LYNQ si descrive come una curata casa globale: un ambiente digitale che mette in relazione artisti, creativi e imprenditori attraverso un sistema selettivo, costruito per favorire scambi reali e duraturi. Non visibilità fine a sé stessa, non autopromozione, né intrattenimento dettato da un algoritmo. Piuttosto, un luogo in cui il digitale torna a essere uno strumento per abilitare incontri nel mondo fisico.

La rete globale di LYNQ

Lanciata meno di un anno fa, LYNQ conta già oltre 20.000 membri distribuiti soprattutto tra Europa e Stati Uniti, con una presenza significativa in città come Londra, Berlino, Parigi, Milano, New York e Düsseldorf: la piattaforma si radica dove esistono ecosistemi culturali complessi, attraversati da una naturale osmosi tra produzione artistica, industria creativa e iniziativa imprenditoriale. I membri condividono progetti, lavori in corso, idee, ma segnalano anche eventi e partecipano ai Circles, gruppi tematici curati che spaziano dall’arte al design, dalla moda al cinema, dalla musica alla tecnologia. Da qui nascono conversazioni, collaborazioni e talvolta incontri spontanei nella vita reale.

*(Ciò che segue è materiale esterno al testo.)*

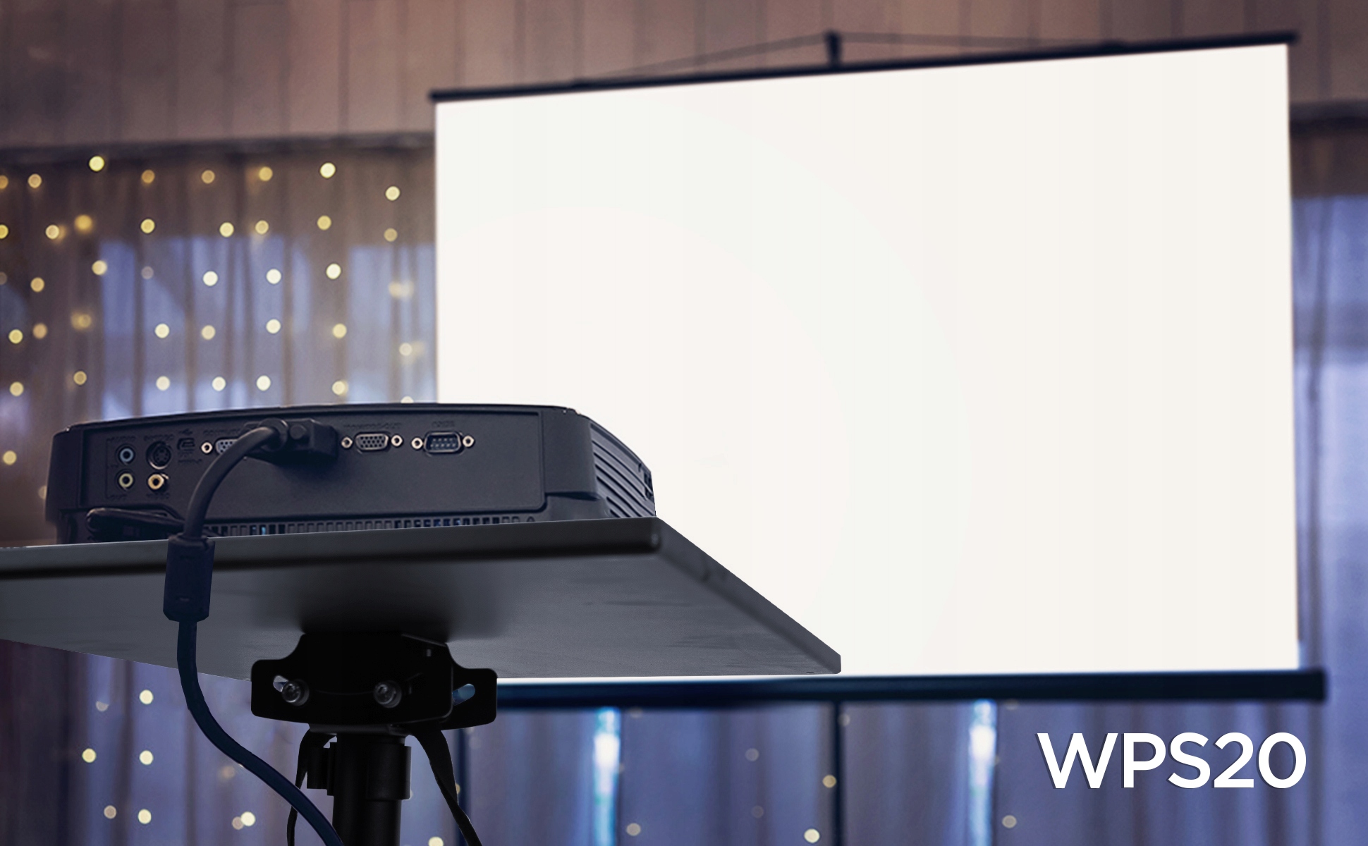 Для дополнительной безопасности WPS20 поставляется с прочным тканым ремнем, который можно закрепить вокруг проектора, чтобы он оставался на месте даже при наклоне стола.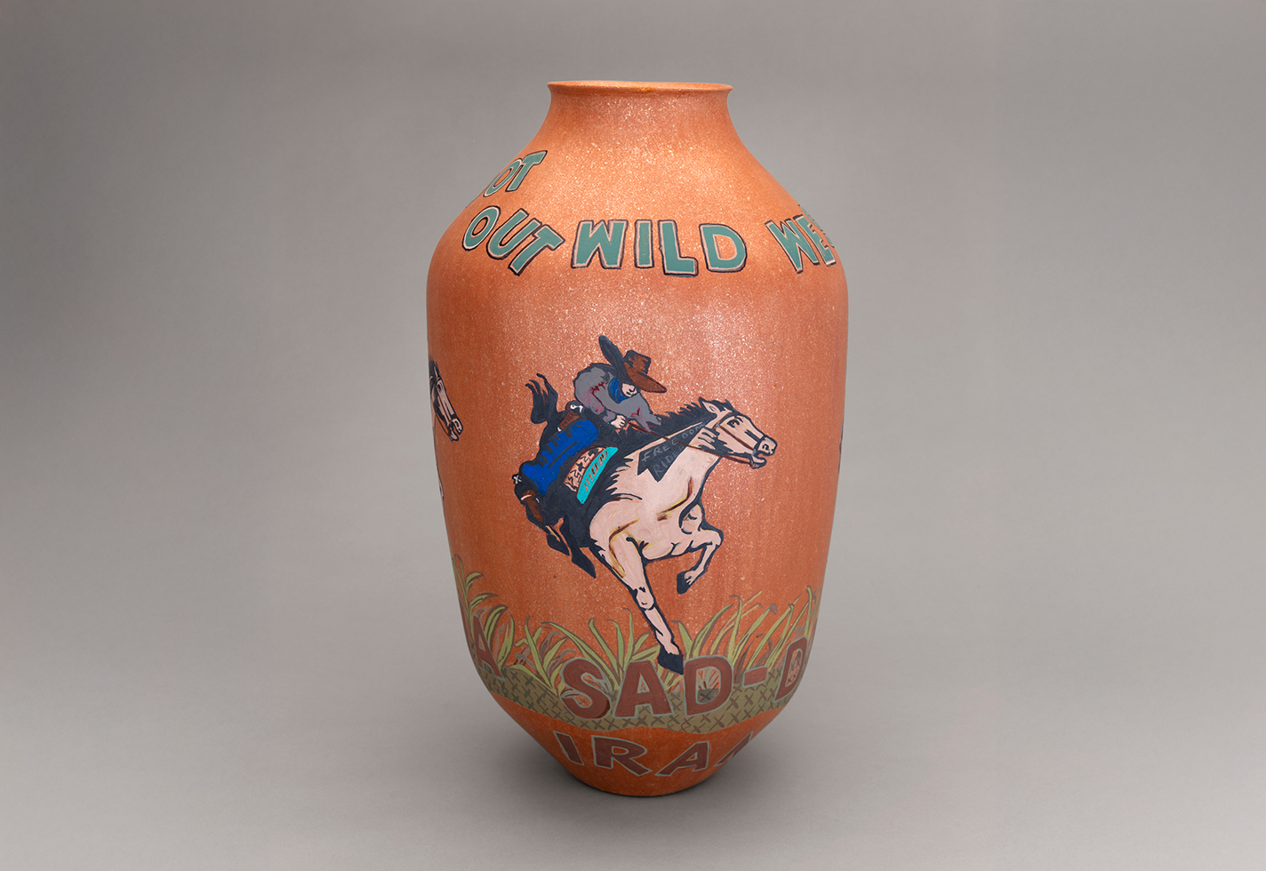 Jody Folwell’s 21.5-by-14-inch clay vessel Wild West Show will be on display in O’Powa O’Meng, her first solo exhibition.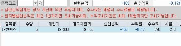 일단 이날은 위 스크린샷에서 볼 수 있는 것처럼 일단 1600원 정도로 수익을 내는 것을 볼 수 있기는 있었습니다. 그러나 문제는 따로 있으니.........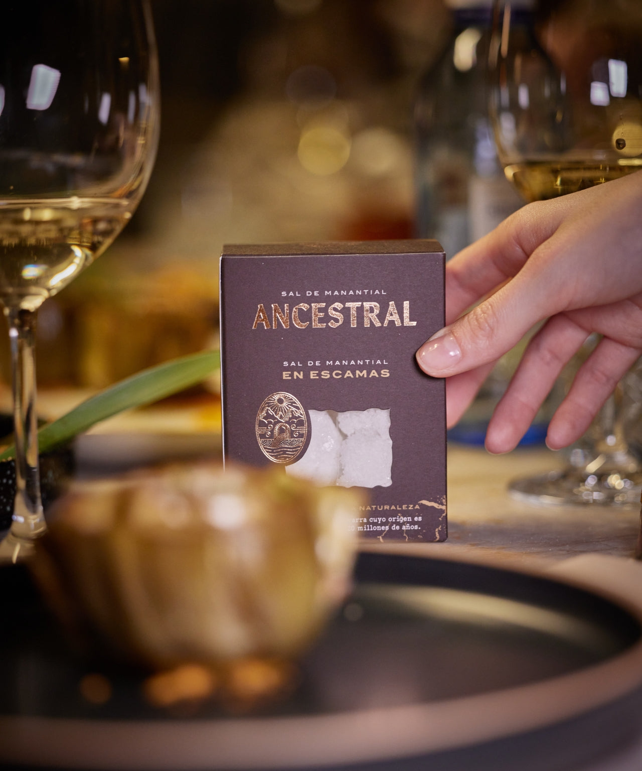 Nuestro producto más preciado. Finas escamas de sal de manantial, recolectadas artesanalmente. Esta textura en escamas se consigue tras una lenta evaporación, propia de días poco calurosos y con cierta humedad ambiental. Con viento sur o viento muy suave, se recogen cuidadosamente las escamas cuando se han precipitado en el fondo de las eras. La recogida debe ser precisa para no romper las escamas. Su balance mineral es perfecto, especialmente rica en potasio, calcio y magnesio.

Chi c’è dietro LYNQ e la sua comunità 

La direzione è affidata a Marcel Vandieken, artista di formazione, con un passato alla guida di un’agenzia digitale sostenuta da private equity e oggi managing partner di una delle società di consulenza strategica e tecnologica in più rapida crescita in Europa. Alla base del progetto, poi, c’è un team ridotto e altamente focalizzato, che utilizza l’intelligenza artificiale come supporto operativo. Una scelta che consente di mantenere una scala umana contro i modelli estrattivi delle grandi piattaforme digitali. E la comunità che ne deriva è eterogenea: artisti, collezionisti, stilisti, attori, danzatori, musicisti, imprenditori, creativi dell’advertising e dei media. A unirli non è lo status, ma una disposizione condivisa all’ascolto, alla curiosità e allo scambio.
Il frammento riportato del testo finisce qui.